Multimodal_Transformer
Multimodal_Transformer copied to clipboard
A Multimodal Transformer: Fusing Clinical Notes With Structured EHR Data for Interpretable In-Hospital Mortality Prediction
Multimodal Transformer
The repository for the paper "A Multimodal Transformer: Fusing Clinical Notes With Structured EHR Data for Interpretable In-Hospital Mortality Prediction" submitted to AMIA'22 Annual Symposium.
Setup
The codes are tested on CUDA 11.4 with 24GB RAM GPU. For environment setup, please follow the install instruction in Section 'Clinical Data Processing'.
Clinical Data Processing
Structured Clinical Variables Processing
Clone https://github.com/YerevaNN/mimic3-benchmarks (Harutyunyan et al.) to 'Multimodal_Transformer/mimic3-benchmarks' folder. Setup the environment, and run all data generation steps to generate training data without text features.
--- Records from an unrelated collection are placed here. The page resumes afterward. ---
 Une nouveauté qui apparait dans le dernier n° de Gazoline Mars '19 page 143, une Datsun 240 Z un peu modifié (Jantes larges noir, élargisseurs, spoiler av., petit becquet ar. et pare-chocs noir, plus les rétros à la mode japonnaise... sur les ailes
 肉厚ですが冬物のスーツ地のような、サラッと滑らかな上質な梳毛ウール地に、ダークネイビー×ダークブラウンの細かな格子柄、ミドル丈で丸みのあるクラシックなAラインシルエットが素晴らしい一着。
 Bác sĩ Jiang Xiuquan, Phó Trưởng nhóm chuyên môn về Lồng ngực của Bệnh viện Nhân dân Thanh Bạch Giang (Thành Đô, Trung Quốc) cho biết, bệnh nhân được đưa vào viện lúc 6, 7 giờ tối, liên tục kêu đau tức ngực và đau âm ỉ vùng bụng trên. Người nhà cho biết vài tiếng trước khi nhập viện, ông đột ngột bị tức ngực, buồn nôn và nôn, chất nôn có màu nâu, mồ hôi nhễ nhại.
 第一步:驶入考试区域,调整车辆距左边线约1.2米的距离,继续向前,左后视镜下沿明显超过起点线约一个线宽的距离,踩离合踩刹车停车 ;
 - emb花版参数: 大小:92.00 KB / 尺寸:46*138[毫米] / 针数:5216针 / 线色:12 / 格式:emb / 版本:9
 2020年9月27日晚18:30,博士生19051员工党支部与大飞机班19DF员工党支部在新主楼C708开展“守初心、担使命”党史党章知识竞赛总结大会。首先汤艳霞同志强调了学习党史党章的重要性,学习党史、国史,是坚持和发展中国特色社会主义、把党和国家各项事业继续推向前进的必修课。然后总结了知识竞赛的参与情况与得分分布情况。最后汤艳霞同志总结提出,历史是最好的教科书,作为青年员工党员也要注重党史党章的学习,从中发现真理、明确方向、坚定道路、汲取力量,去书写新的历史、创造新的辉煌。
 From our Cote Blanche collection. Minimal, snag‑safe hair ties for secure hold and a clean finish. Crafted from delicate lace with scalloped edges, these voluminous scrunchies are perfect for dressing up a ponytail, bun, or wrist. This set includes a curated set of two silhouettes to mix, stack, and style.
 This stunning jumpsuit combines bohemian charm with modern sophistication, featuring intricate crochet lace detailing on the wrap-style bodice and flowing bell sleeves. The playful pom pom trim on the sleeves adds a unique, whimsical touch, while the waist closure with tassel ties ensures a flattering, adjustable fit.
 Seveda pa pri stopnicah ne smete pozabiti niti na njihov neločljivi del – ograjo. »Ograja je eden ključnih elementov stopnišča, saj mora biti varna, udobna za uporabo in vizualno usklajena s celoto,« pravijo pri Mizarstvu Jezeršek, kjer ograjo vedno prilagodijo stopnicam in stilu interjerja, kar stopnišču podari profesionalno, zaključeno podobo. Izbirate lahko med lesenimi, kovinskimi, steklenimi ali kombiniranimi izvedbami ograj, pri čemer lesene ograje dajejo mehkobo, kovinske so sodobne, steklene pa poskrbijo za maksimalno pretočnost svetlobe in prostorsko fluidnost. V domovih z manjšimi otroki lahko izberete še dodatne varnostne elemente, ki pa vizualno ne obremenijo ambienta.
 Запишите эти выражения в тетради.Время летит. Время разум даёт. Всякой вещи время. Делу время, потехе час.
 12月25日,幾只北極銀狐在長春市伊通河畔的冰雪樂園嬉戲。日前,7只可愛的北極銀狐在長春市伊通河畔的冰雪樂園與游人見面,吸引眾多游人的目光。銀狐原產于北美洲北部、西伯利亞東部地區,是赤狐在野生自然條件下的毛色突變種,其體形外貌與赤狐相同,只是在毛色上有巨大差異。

create folder 'data-mimic3' under 'Multimodal_Transformer' folder, and all the MIMIC-III processed data will be stored in 'data-mimi3' folder.
Unstructured Clinical Notes Processing
Clinical Notes processing is based on repository in https://github.com/kaggarwal/ClinicalNotesICU.
Requirenments
setup the environment for notes processing and model training. Install environment:
pip install -r requrements.txt
Update all paths and configuration in 'mmtransformer/config.py'.
Notes Processing
- Run 'mmtransformer/scripts/extract_notes.py', the folder 'data-mimic3/root/test_text_fixed/', and 'data-mimic3/root/text_fixed/' will be generated.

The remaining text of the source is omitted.